Ultimecia: Well, k’mon these evil-sorceress-gets- defeated stories have been repeated like, so many times. I wanted to be evil. Goody two-shoes sorceresses don’t have any fun. The only excitement they ever get is if they get possessed by yours truly. I learnt from the best. Seeing as my role models were always getting their butts whupped, I had to koncede the powers-that-be were prejudiced. Hyne’s just jealous he kan’t be evil ‘kause he’s running around with just one half of him attached.

Griever: Yada-yada. I’ve heard all that before. What I want to know is HOW do we get out of here.

Ultimecia: Heh heh. I kind of left a little ‘back door’ in Rinoa’s konciousness.

Griever: Back door? As in, we could get back inside her head?

Ultimecia: Yup!

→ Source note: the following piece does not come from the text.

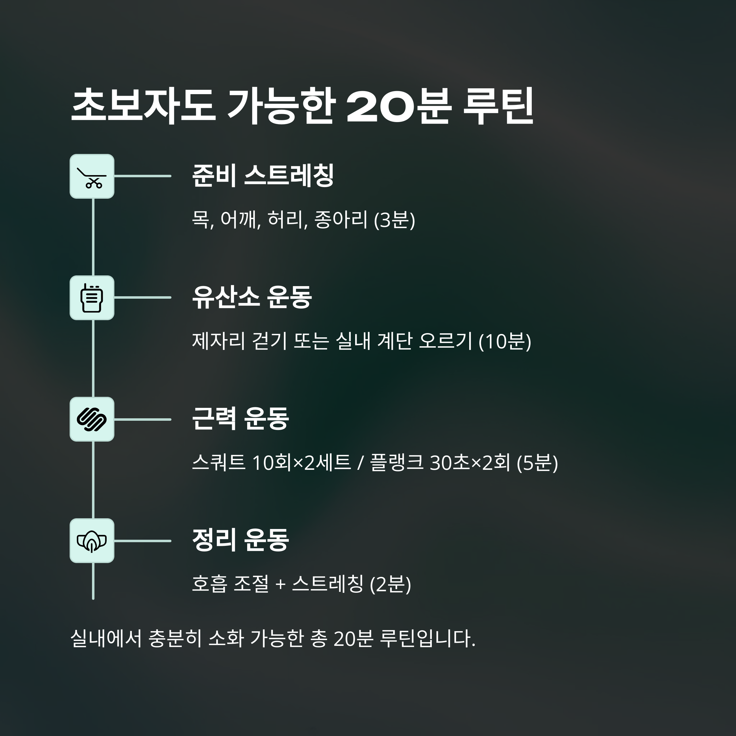 총 20분 구성으로, 실내에서 충분히 소화 가능한 루틴입니다.

This back door is located precisely where she stores her GFs! We just open it and we’re right inside enemy kamp, baby!

Griever: And how, do you propose we get to that back door?

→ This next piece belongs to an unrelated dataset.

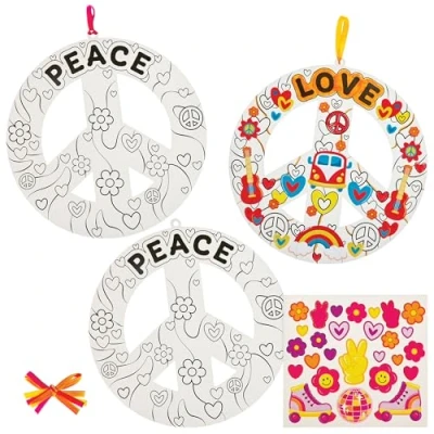 Baker Ross FN571 Peace Sign Colour in Sticker Wreath Kits Pack of 6, Foam Arts and Crafts for Kids

Ultimecia: Hah! You think I let Edea have ALL my magic?

Griever: So that’s why you haven’t faded away.

Ultimecia: Hyne wouldn’t let me, anyways. He wanted someone else to share his sweet torture of being bored out of their skulls for centuries. So k’mon, Fluffy. We’re going for a ride.

She does a little waving of her arms and then POOF! The two disappear.

In another place, Rinoa is making her way along unsuspecting of the craziness coming her way. It’s a beautiful day in Timber, and she is there helping out in the celebration of Timber’s newly acquired independence. Suddenly, she feels a stinging sensation in her head.

Rinoa: Owwww!! (She starts rubbing her temples).

Zone: Princess! Are you OK?

A concerned Zone and Watts make way to where she is sitting, underneath a shady tree.

Watts: Can I get something for you, sir? Owl’s Tear? Moogle’s Sweat? Chocobo Dribble?

Rinoa: An aspirin would do nicely, Watts. (She endeavours as sweet a smile as she can).

Watts: Coming right up, sir.

Zone: Anything else you need, Princess?

Rinoa: I’m fine, Zone. Just go on. There’s still a lot to do. A bit of a rest might do it.

Zone: Someone keeping you up at night too much, I see. (grins).

Rinoa: (blushes furiously) Why, you, Zone! You read too many naughty magazines!

Zone: So I’m not entirely wrong, then?

Rinoa: Go away! (She laughs and swats him) Shoo!

Inside her head:

Ultimecia: Yes! We’re in.

Griever: OK, Ulti. Do your stuff.

Ultimecia: Alright. Hmmm...what? Hey..err,I think we’ll have to wait a while.

Griever: Huh? What’s wrong?

Ultimecia: There’s a bit of a hitch. We ermm..can’t get out till she junctions us.

Griever: WHAT???

Ultimecia: Shh,be still. She’ll sense us in her head soon. Darn. I knew this might happen. I don’t have enough power to take her over completely. If I try now, all she’ll get are migraines. So we pretend we’re new GFs. Just be quiet and not let the other GF’s spot us or we’re dead.

Griever: ...

Rinoa: Hello?

Ultimecia: She’s found us! Remember, don’t reveal our real identities!

Rinoa: Err, hey, who are you? What are you doing in my brain?

Ultimecia: I am the great GF, Ulti. And this is, uhh, Fluffy!